DD: Adam, I recently read your newest poetry collection, Stranger. For me, the central poem of the collection was “Our Eternal Sounds,” which begins with the line: “What might all songs lean into?” Another poem I admire in Stranger, “Everyone Trying to Start / Something New,” ends: “…every record / flipped to its B side is only grace / garnered with more grace.” Could you talk about your poetry in terms of these two quotes? Could you riff on the different kinds of music that converge in your poems?
AC: Thank you for reading the book so closely! Both of those poems are thinking about poetry in terms of music, though I think “Our Eternal Sounds” is thinking specifically about poetry as the place from which language was born, while the other poem is thinking of music as a form of mourning. The book is trying to explore, more often than not, abstract ideas in concrete form. I also tend to speak my poems out as I write them (and have music on during the process of writing them), which might explain how the theme comes up throughout the book.

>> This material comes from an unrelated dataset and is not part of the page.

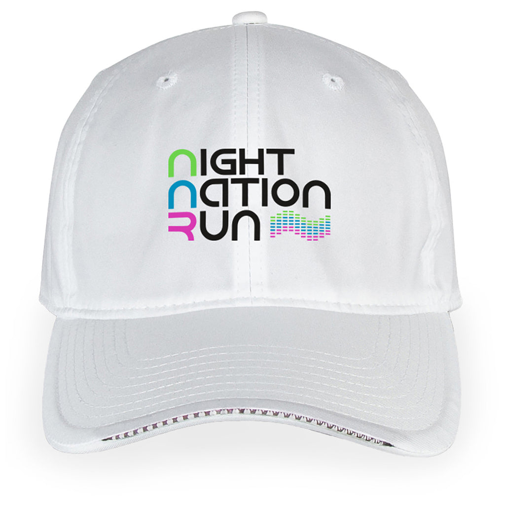 Design a colorful custom logo for the Merrimack Hat Co. White Neo Recycled Performance Cap. This cap is made of recycled materials for an eco-friendly version of a favorite design. The unisex cap has a UPF rating of 50 and reflective piping, making it perfect for outdoor adventures, sporting events, or just hanging out with friends.

DD: What’s on the horizon for Shelterbelt Press in 2018 and beyond?
MC: At this point we’re thinking a lot about publicity—as mentioned above, financial well-being can be a challenge related to running an independent press. We’re going to AWP to engage with the literary community and are looking forward to how readers will respond to Eloisa’s book.
DD: Could you end the interview by giving us a poem from Eloisa Amezcua’s collection?
SELF-PORTRAIT
I walk between whitebrush and blackfoot
daisies alone at the desert botanical garden
and know not to touch the devil’s
tongue or saguaro spines but still
I move my hand closer to the teddy bear
cholla until I touch it or it touches me
the needles clinging hollow
curve under the skin and I like it
I used to be a nice girl
euthymic too
but when the only thing
you have left of yourself
is pain
the filter with which
you move through
the world becomes impossibly
tender like fingers swollen
papules of foreign material
lodged in the body
to be unroofed or
left there to dissolve
Meagan Cass is the author of Range of Motion (Magic Helicopter Press, 2014). Her fiction has appeared in Hayden’s Ferry Review, The Pinch, DIAGRAM, PANK, and Puerto del Sol, among other places. She is an Assistant Professor of English at the University of Illinois Springfield. Over the last fifteen years, she has done editorial work for a range of national literary journals and presses, including Stirring, Harpur Palate, Rougarou, and Sundress Publications.
Adam Clay is the author of Stranger (Milkweed Editions, 2016), A Hotel Lobby at the Edge of the World (Milkweed Editions, 2012), and The Wash (Parlor Press, 2006). His poems have appeared in Ploughshares, Crab Orchard Review, Boston Review, Iowa Review, The Pinch, and elsewhere. A co-editor of TYPO Magazine, he serves as a Book Review Editor for Kenyon Review and teaches at the University of Illinois Springfield.
Dante Di Stefano is the author of two poetry collections: Love Is a Stone Endlessly in Flight (Brighthorse Books, 2016) and Ill Angels (Etruscan Press, forthcoming 2019). His poetry, essays, and reviews have appeared in The Los Angeles Review, The Sewanee Review, Prairie Schooner, and elsewhere. He is a poetry editor for the DIALOGIST. Along with María Isabel Alvarez, he is the co-editor of Misrepresented People: Poetic Responses to Trump's America (NYQ Books, 2018).